Diabetic individuals in the dataset are more likely to have high cholesterol.


There is a significantly higher ratio of diabetes among smokers (79%) compared to non-smokers (46%).

Diabetic patients, on average, have higher blood pressure than non-diabetic individuals.
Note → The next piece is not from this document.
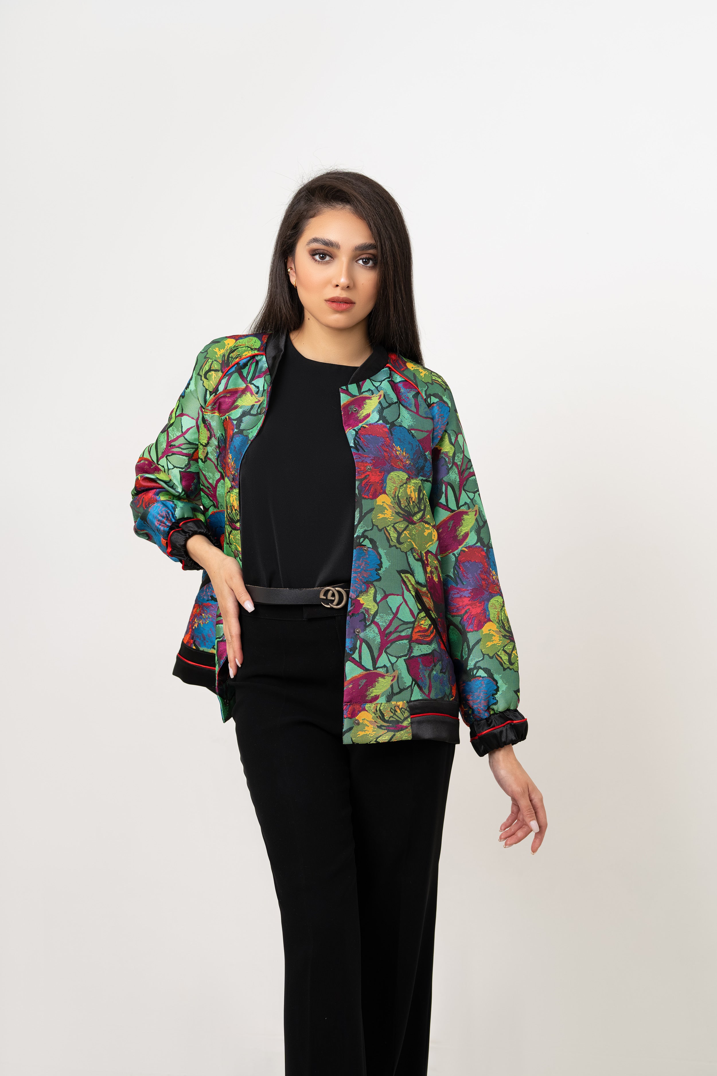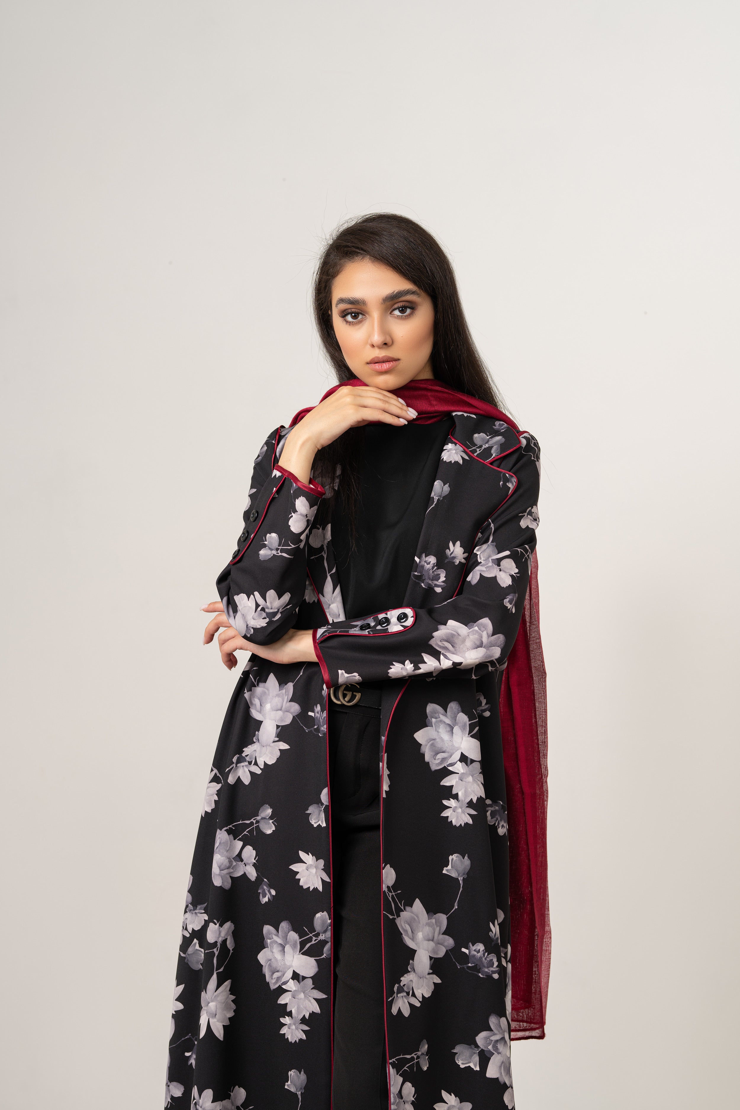 Monochrome Floral Jacket (Red Trim)

The dataset shows a wide distribution of Age, Height, Weight, and BMI, with outliers present in BMI, Blood Pressure, and Annual Income.
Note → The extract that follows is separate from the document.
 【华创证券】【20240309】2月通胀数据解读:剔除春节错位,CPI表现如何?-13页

A majority of the overall population (59.5%) in the dataset has a normal cholesterol level, while 30.4% have high and 10.1% have very high cholesterol.

# **Summary and Conclusion**

The EDA highlights strong associations between smoking and cholesterol levels with diabetes.

Smokers have a significantly higher risk of being diabetic compared to non-smokers, and diabetic patients frequently have high cholesterol.

The analysis also suggests a correlation between diabetes and elevated blood pressure.